What makes “Hostage Nation” especially persuasive is input from Botero, a Bogota man who, like FARC leader Simon Trinidad, grew up on the right side of the tracks. However, where Trinidad became a neo-Marxist revolutionary, Botero became a reporter. His background enabled him to be the first to interview FARC captives Ingrid Betancourt (a failed Colombian presidential candidate), and Keith Stansell, Marc Gonsalves, and Thomas Howes (contractors whose Cessna plane crashed in the jungle of southern Colombia Feb. 13, 2003.) The story of those three Americans is the thread that ties “Hostage Nation” together.
Stansell and Gonsalves were technicians, Howes and Thomas Janis copilots on a California Microwave Systems crop duster sent to southern Colombia to fumigate coca plants. An engine failed and the plane crashed as FARC guerrillas riddled it with bullets. Janis and a Colombian sergeant were killed, while Stansell, Gonsalves, and Howes were taken into captivity. Rules of engagement forbidding US forces from entering foreign soil on a rescue mission meant that it was up to the Colombian army to do the job, which eventually it did – no thanks to the US. The US military instead did what it could to move the story off the front page, focusing instead on the “success” of Plan Colombia, the name for the US effort to kill cocaine.

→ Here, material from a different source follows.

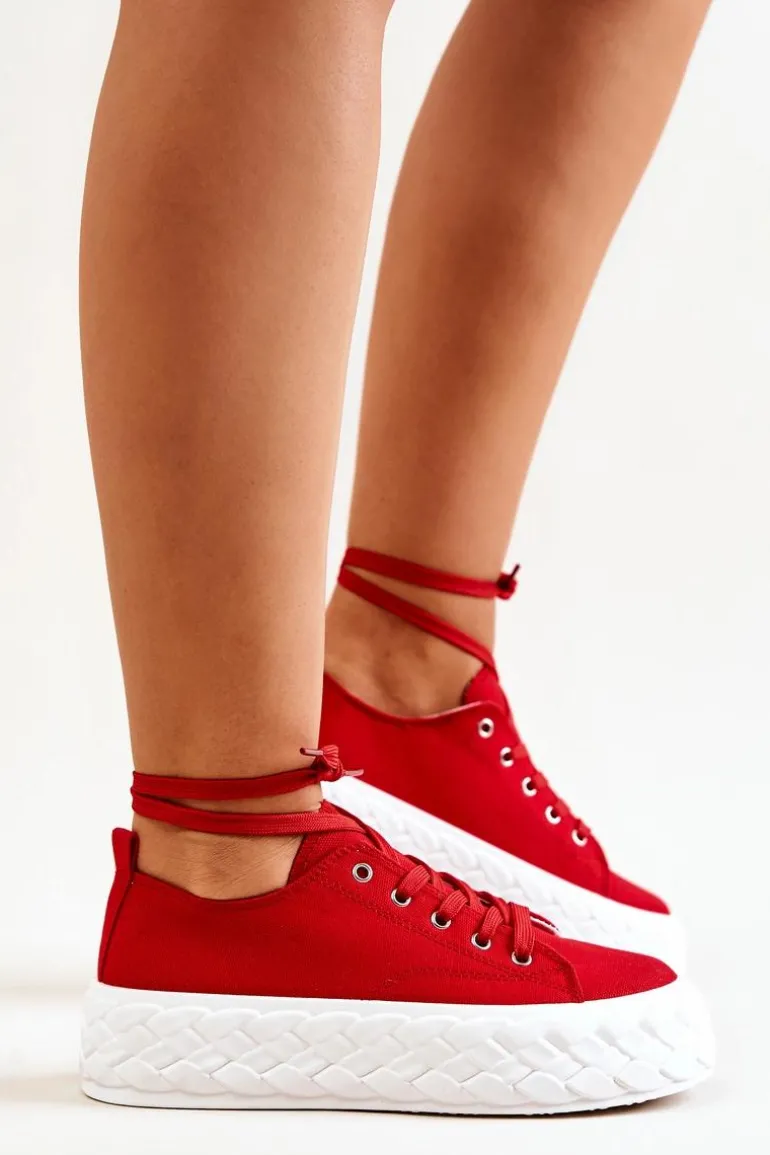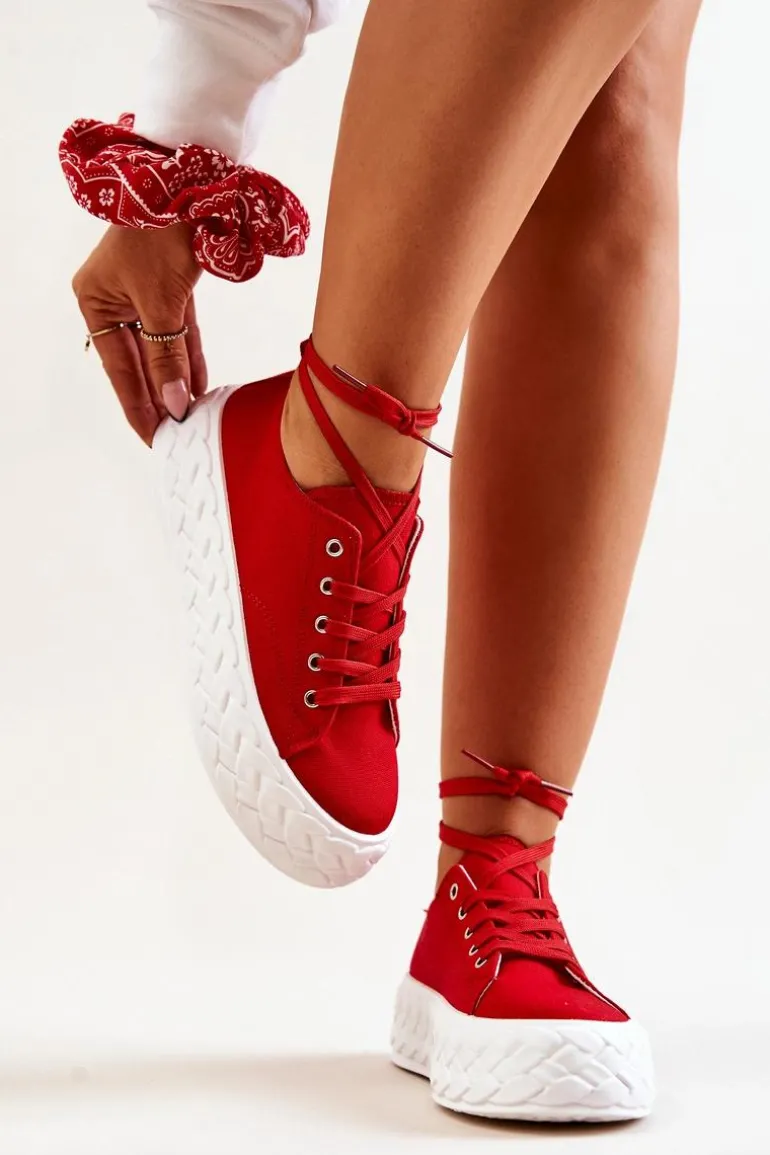 Damskie tenisówki na masywnej platformie pasują do wielu stylizacji. Wykonane z tkaniny. Posiadają materiałową wkładkę. Gumowa platforma jest przyozdobiona pięknym warkoczem. Świetnie sprawdzą się zarówno do spodni jak i spódnic. Wyraź siebie poprzez swój styl i kup te świetne tenisówki już dziś! Przy wyborze rozmiaru prosimy sugerować się tabelą rozmiarów.
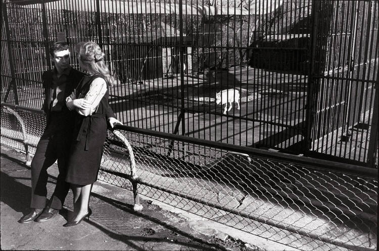 DescriptionImage of a couple standing outside of a gate with backs towards wolf inside large cage.Exhibition HistoryRotation 23. The Nelson-Atkins Museum of Art, Kansas City,

“As with other military contracts, the outsourcing of the war on drugs in Colombia was designed to protect the U.S. government from liability should anything go awry. And to complicate an already-confusing picture, larger corporations would frequently subcontract to smaller companies in order to distance themselves from accountability. The military’s SOUTHCOM Reconnaissance Systems (SRS) program that employed Thomas Howes, Keith Stansell, and Marc Gonsalves in 2003 was no different. Lockheed Martin was selected by the DoD as the prime contractor, which then subcontracted to Northrop Grumman, which then subcontracted to California Microwave Systems.”
That arrangement, which conjures a Russian nesting doll, left accountability vague and the three Americans dangling. If not for Botero’s doggedness and an ingeniously clever plan immaculately executed by the Colombian military – an insider account that makes you want to cheer – Howes, Stansell, and Gonsalves might still be in the Colombian jungle.
The story can be hard to follow as the book interweaves the byzantine history of modern Colombian politics with the rescue effort. But it accretes effectively, leavened by accounts of good guys like Botero and a former FBI hostage negotiator named Gary Noesner. Both helped free the captives and never succumbed to the macho posturing that defined the relationship between Colombia and the US during that captivity.
“In the end, it is the many U.S. defense contractors who are the only clear winners in the unrelenting war on drugs,” the authors write in the epilogue. While their narrative has a happy ending – the captives, after all, were freed – Bruce, Hayes, and Botero also suggest that as long as the military-industrial complex rules, drug wars will be waged.
Carlo Wolff is a freelance writer in Cleveland.